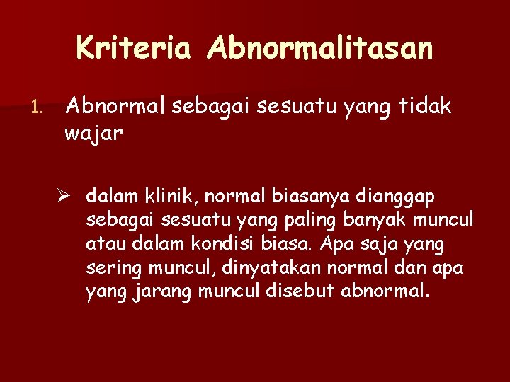 Kriteria Abnormalitasan 1. Abnormal sebagai sesuatu yang tidak wajar Ø dalam klinik, normal biasanya dianggap sebagai sesuatu yang paling banyak muncul atau dalam kondisi biasa. Apa saja yang sering muncul, dinyatakan normal dan apa yang jarang muncul disebut abnormal.
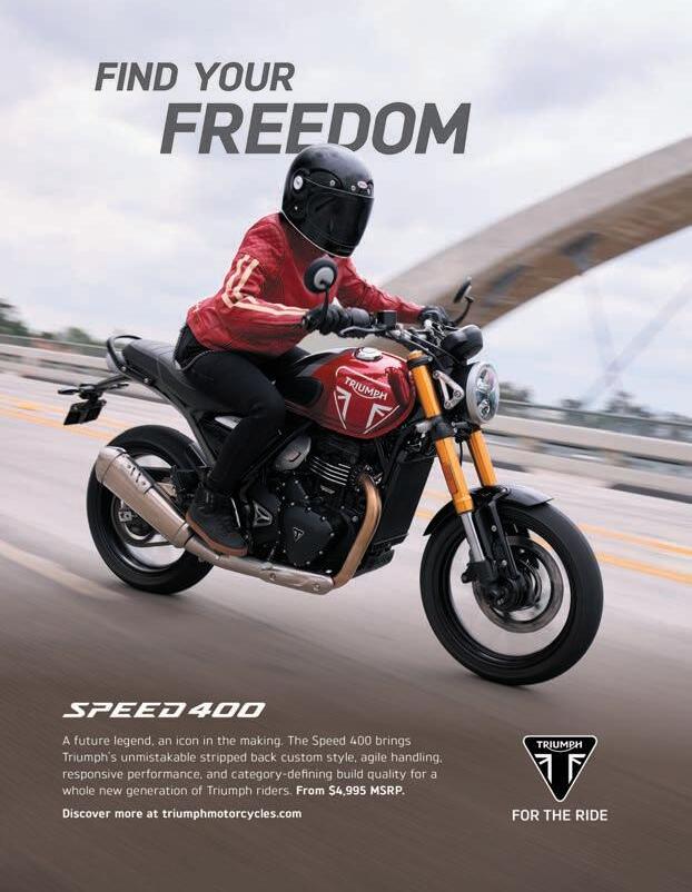 On The Cover: We had our socks (and boots) knocked off by a spin aboard MV Agusta’s sexy, scintillating Dragster America RR. A full test ride of this 160 MPH scorcher is on page 18. It’s all part of a special issue dedicated to Serious Speed and the people who seek it. We also introduce a new columnist, Anthony Conroy. Connie, as he’s known to his friends, is an experienced test rider and long-time fast bike enthusiast with some brilliant insights into the motorbike scene.
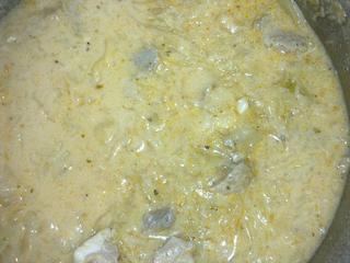 nastruhas ,posolis ,das cesnak,zemiak-je dobry koly skrobu ,muku,majoranku,cierne korenie,vajicka:
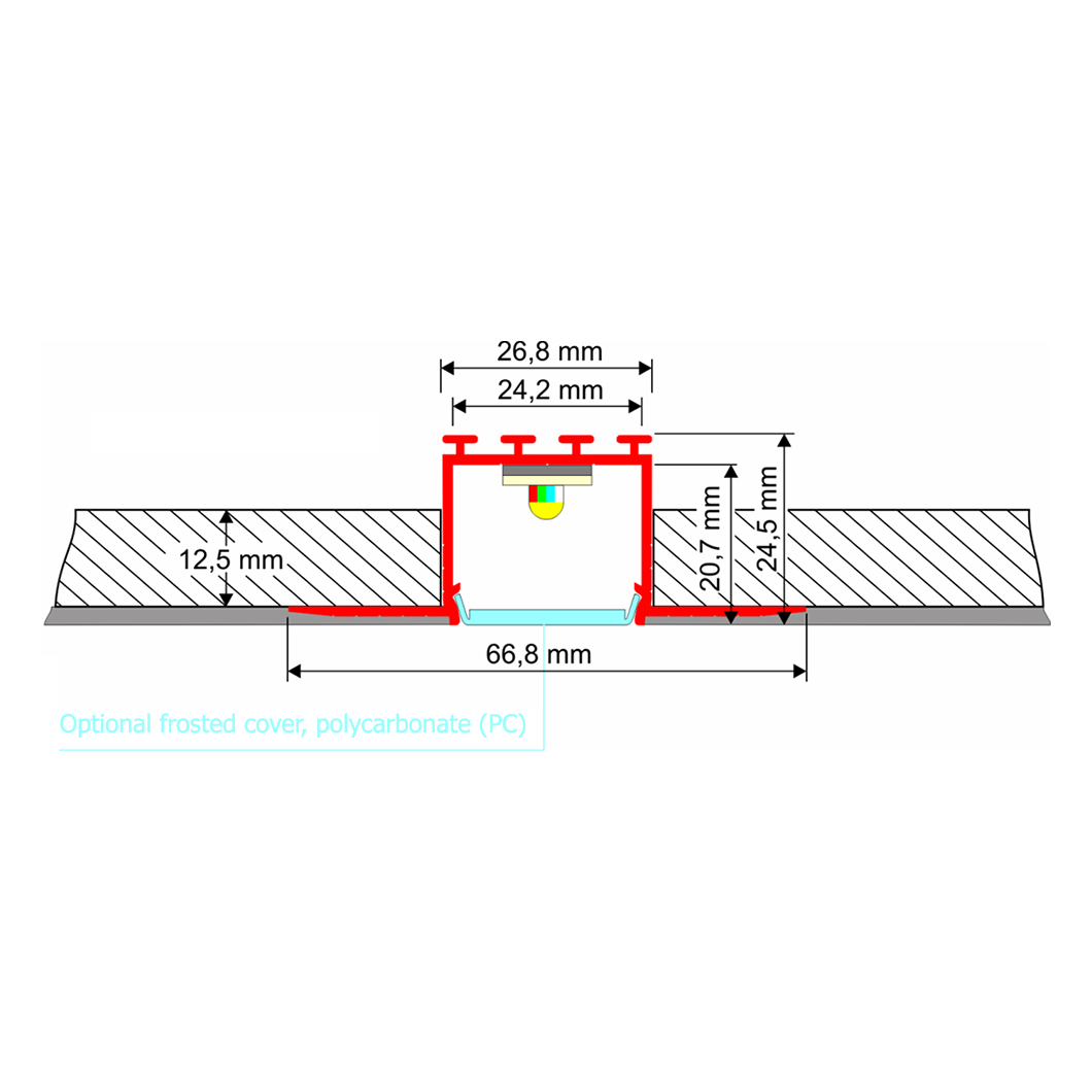 Length 2000mm Internal width 24.2mm Profile: aluminium Opal diffuser cover: polycarbonate (PC) included Optional end cap (PE85.0005): polypropylene (PP)

────────

Work to complete
Write the material out again word for word and omit any images.

Answer to this problem
 Kriteria Abnormalitasan 1. Abnormal sebagai sesuatu yang tidak wajar Ø dalam klinik, normal biasanya dianggap sebagai sesuatu yang paling banyak muncul atau dalam kondisi biasa. Apa saja yang sering muncul, dinyatakan normal dan apa yang jarang muncul disebut abnormal.
 On The Cover: We had our socks (and boots) knocked off by a spin aboard MV Agusta’s sexy, scintillating Dragster America RR. A full test ride of this 160 MPH scorcher is on page 18. It’s all part of a special issue dedicated to Serious Speed and the people who seek it. We also introduce a new columnist, Anthony Conroy. Connie, as he’s known to his friends, is an experienced test rider and long-time fast bike enthusiast with some brilliant insights into the motorbike scene.
 nastruhas ,posolis ,das cesnak,zemiak-je dobry koly skrobu ,muku,majoranku,cierne korenie,vajicka:
 Length 2000mm Internal width 24.2mm Profile: aluminium Opal diffuser cover: polycarbonate (PC) included Optional end cap (PE85.0005): polypropylene (PP)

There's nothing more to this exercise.